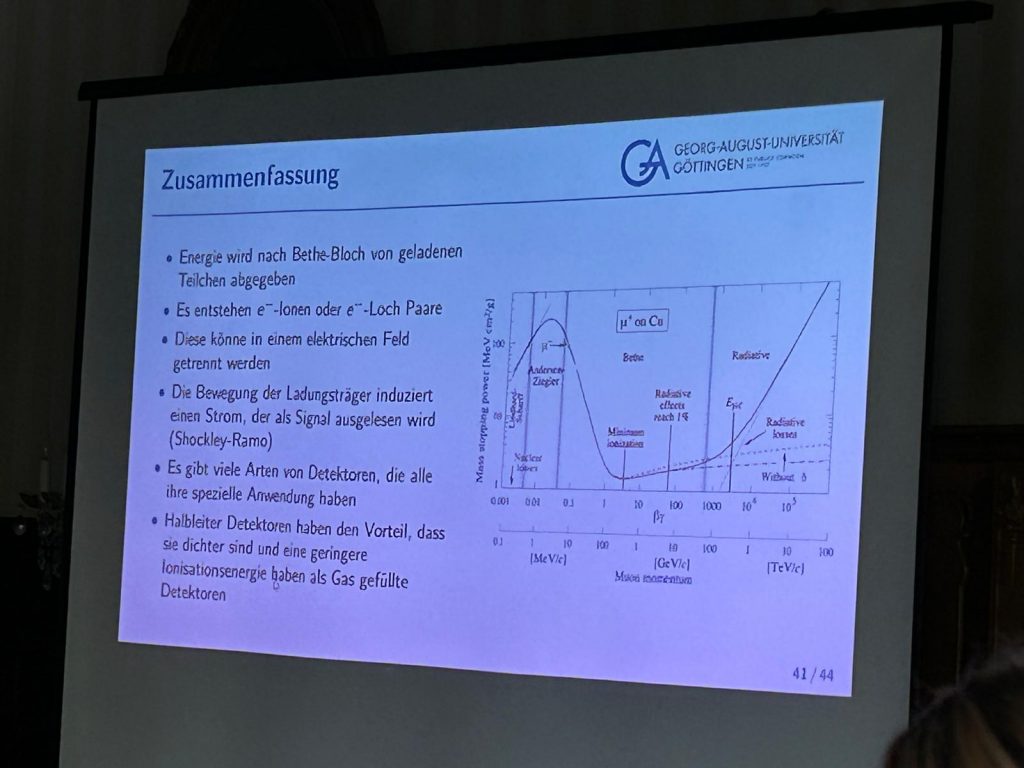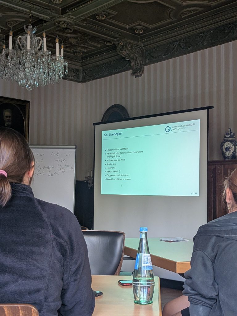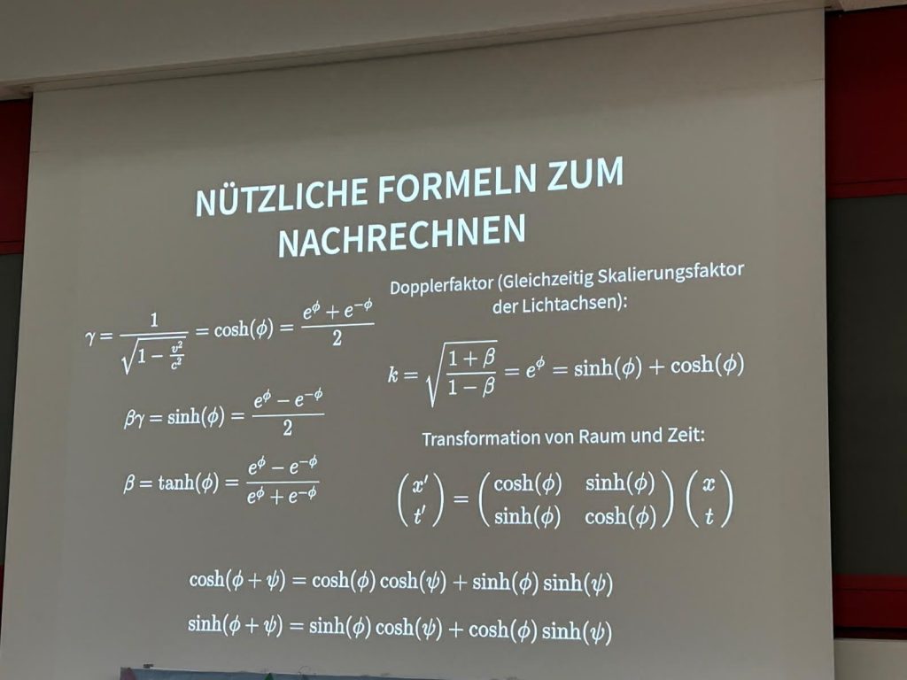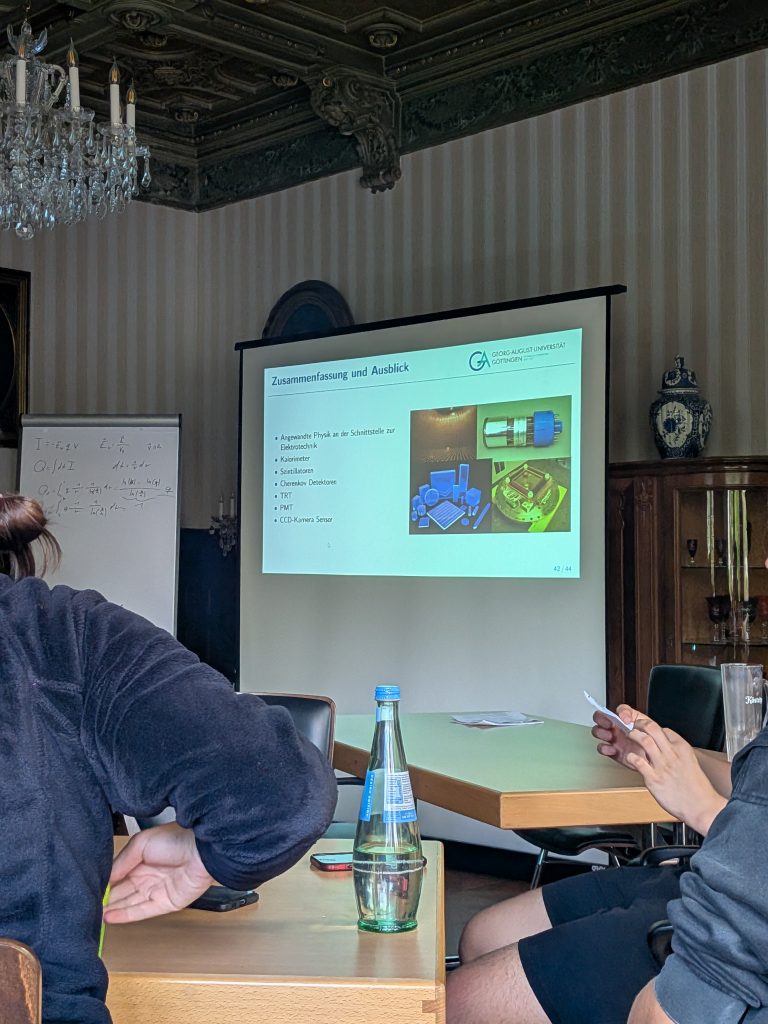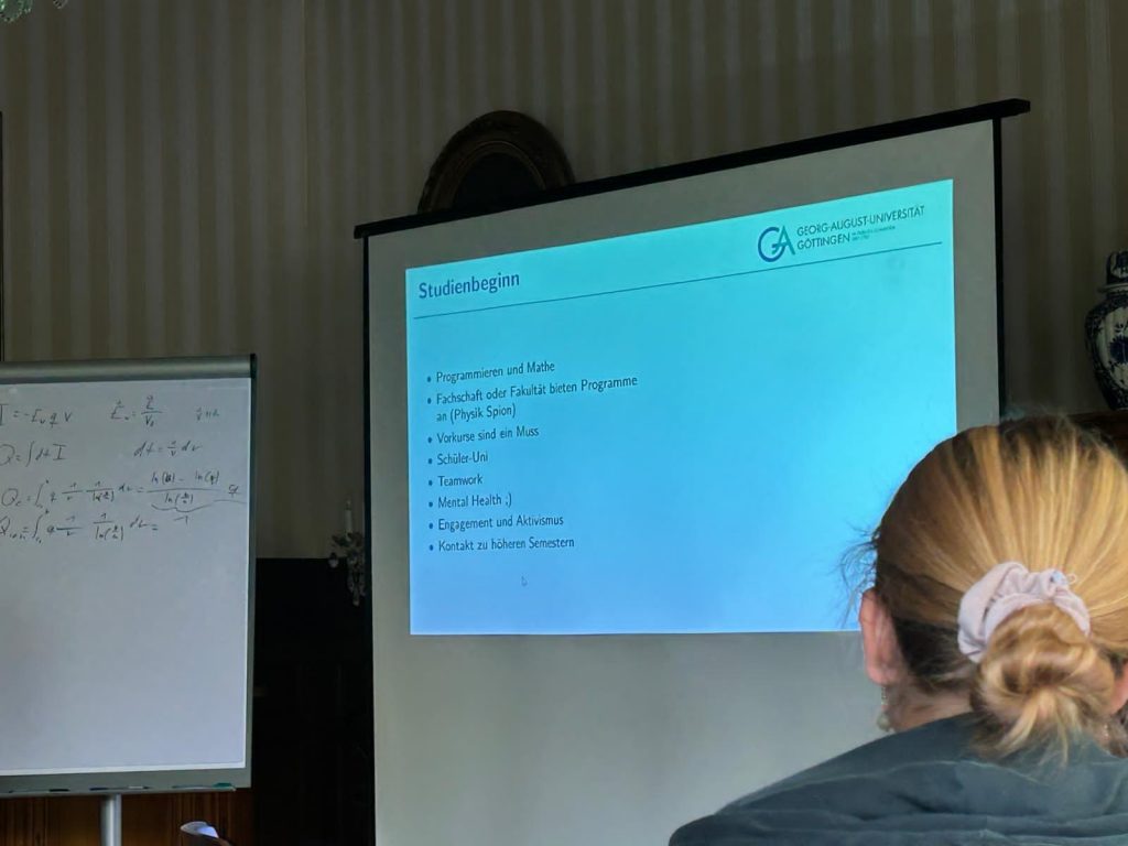 Im Verlauf der Tagung konnten wir zahlreiche spannende Vorträge hören, in denen Teilnehmende ihre eigenen Projekte vorstellten – von theoretischen Themen der Quantenphysik bis hin zu experimentellen Arbeiten in Astronomie und Technik. Darüber hinaus waren auch Expertinnen und Experten aus Wissenschaft und Forschung eingeladen, die in ihren Beiträgen Einblicke in aktuelle physikalische Fragestellungen gaben und ihre neuesten Ergebnisse präsentierten. Besonders beeindruckt hat uns, wie vielfältig und kreativ die Herangehensweisen der Vortragenden waren und mit welcher Begeisterung sie ihre Themen vermittelten.
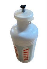 The water bottles or the gourds (a word used in Belgium) are made of plastic since 1954, hermetically closed by a stopper of the same material, always of the same capacity (half a liter) positioned in bottle cages on the down tube of the frame.
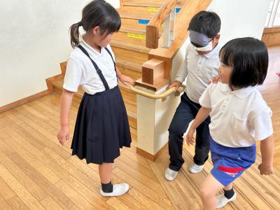 見えない世界に不安と怖さがあることや、介助(サポート)してもらうことで、安心して歩いたり階段を昇り降りできました。
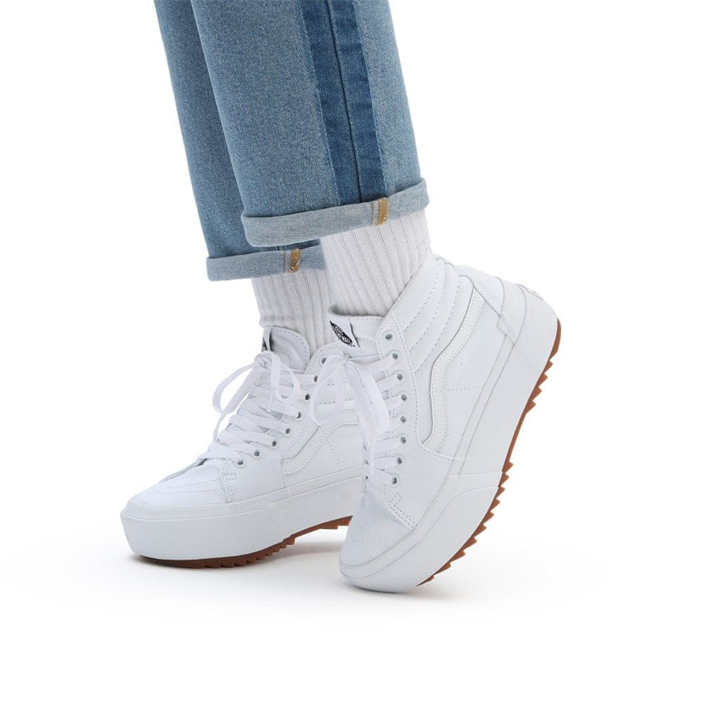 Modni in prosti čas – tako bi lahko opisali univerzalne čevlje Vans UA SK8HI. Primerni so za jeans in manj formalna oblačila, čeprav današnji stajling vključuje tudi kombiniranje takšnih čevljev s športno jakno. Celoten opis
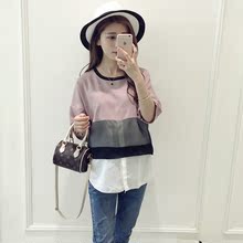 孕妇装夏装韩版孕妇上衣宽松时尚孕妇雪纺衫拼接孕妇衬衫2017新款
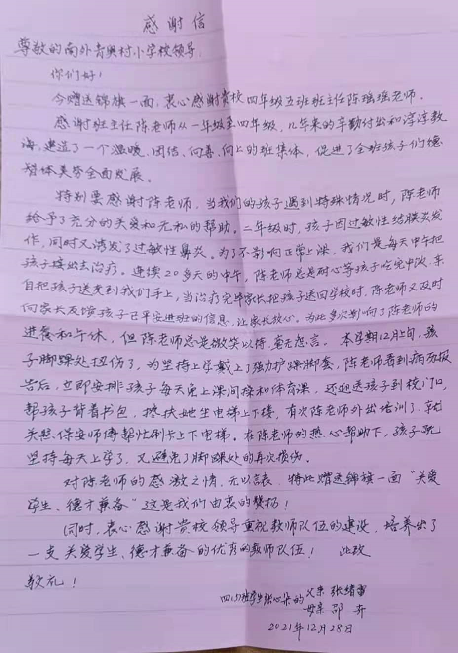 温情伴学暖人心,锦旗相赠寄真情。一面面鲜红的锦旗,是家长对老师工作的认可,是对学校工作的肯定。南外青奥村小学的每一位老师,会继续带着这份热忱,带着这份热爱,陪孩子们一起追逐更好的明天!
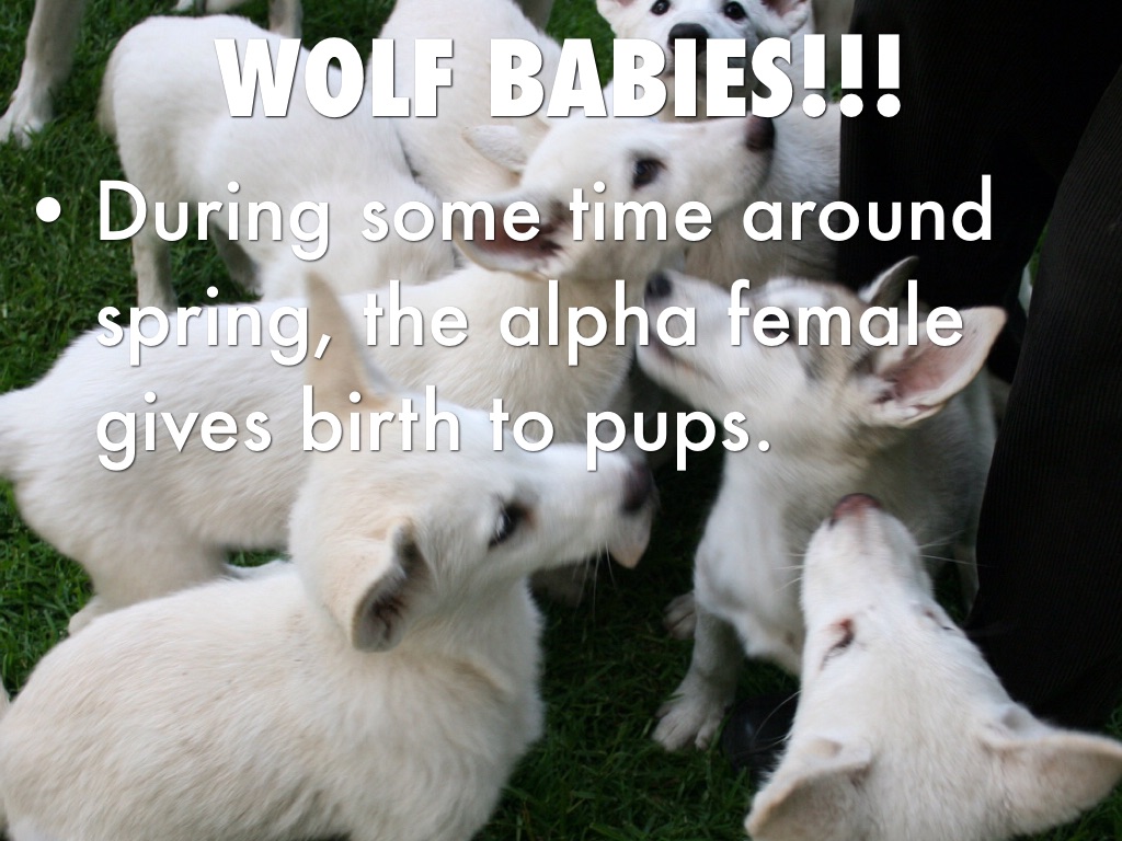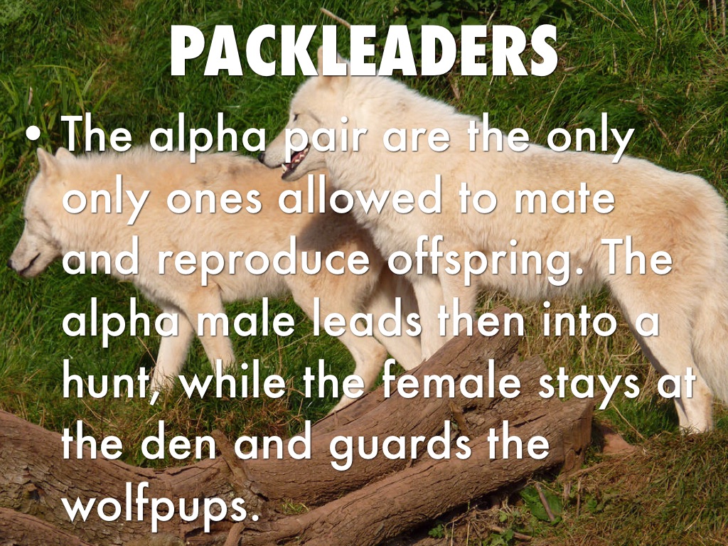 The alpha pair are the only only ones allowed to mate and reproduce offspring. The alpha male leads then into a hunt, while the female stays at the den and guards the wolfpups.
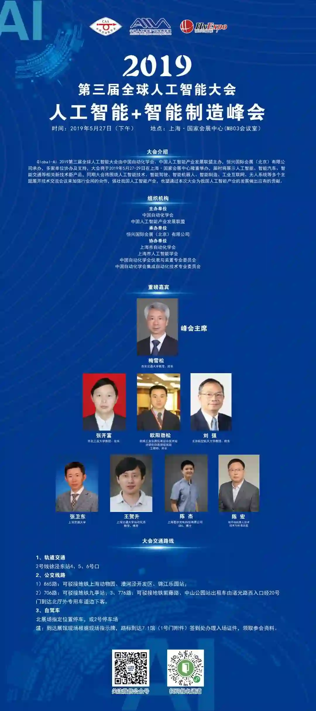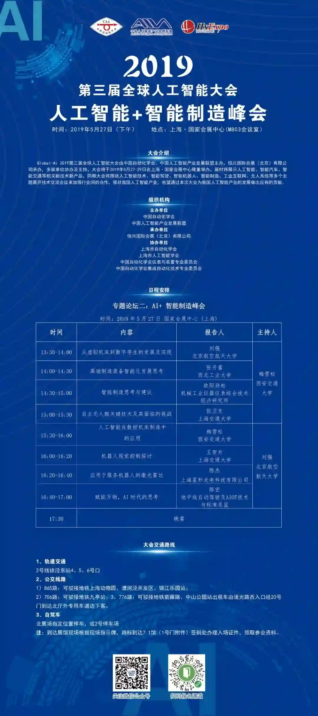 Global-Ai 2019第三届全球人工智能大会由中国自动化学会、中国人工智能产业发展联盟主办,恒兴国际会展(北京)有限公司承办,多家单位协办及支持,大会将于2019年5月27-29日在上海·国家会展中心隆重举办,届时将展示人工智能、智能汽车、智能交通等相关新技术新产品,同期大会将围绕人工智能技术、智能驾驶、智能机器人、智能制造、工业互联网、无人系统等多个主题展开技术交流会议来加强行业间的合作,强壮我国人工智能产业,也望通过本次大会为我国人工智能产业的发展做出应有的贡献。
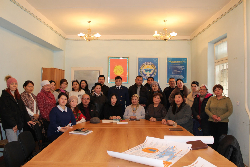 Күн тартибинде ЭСКМ башкармалыгынын ишмердүүлүгү, үй бүлөдөгү зомбулук боюнча окуяны чагылдыруу, талкуу, сунуш киргизүү каралды.
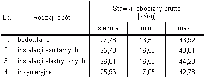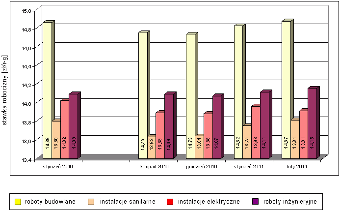 Od stycznia 2010 do stycznia 2011 roku stawki robocizny zmalały przy robotach budowlanych o 0,3%, instalacjach sanitarnych i elektrycznych o 0,4%, a przy robotach inżynieryjnych wzrosły o 0,1%.
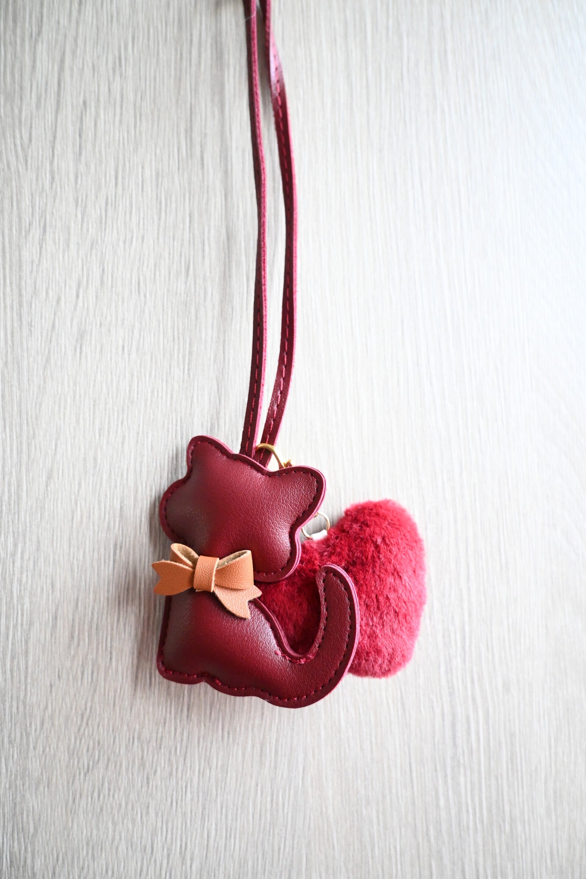 Kat Bag Charm – Lederen Tashanger met hartje pompom - Bordeaux/rood

§

Instructions to follow —
What you write must match the listing exactly, from the line with "The water bottles" up to and including the line with "見えない世界に不安と怖さがあ". Pictures stay out.

Response to the exercise —
 The water bottles or the gourds (a word used in Belgium) are made of plastic since 1954, hermetically closed by a stopper of the same material, always of the same capacity (half a liter) positioned in bottle cages on the down tube of the frame.
 見えない世界に不安と怖さがあることや、介助(サポート)してもらうことで、安心して歩いたり階段を昇り降りできました。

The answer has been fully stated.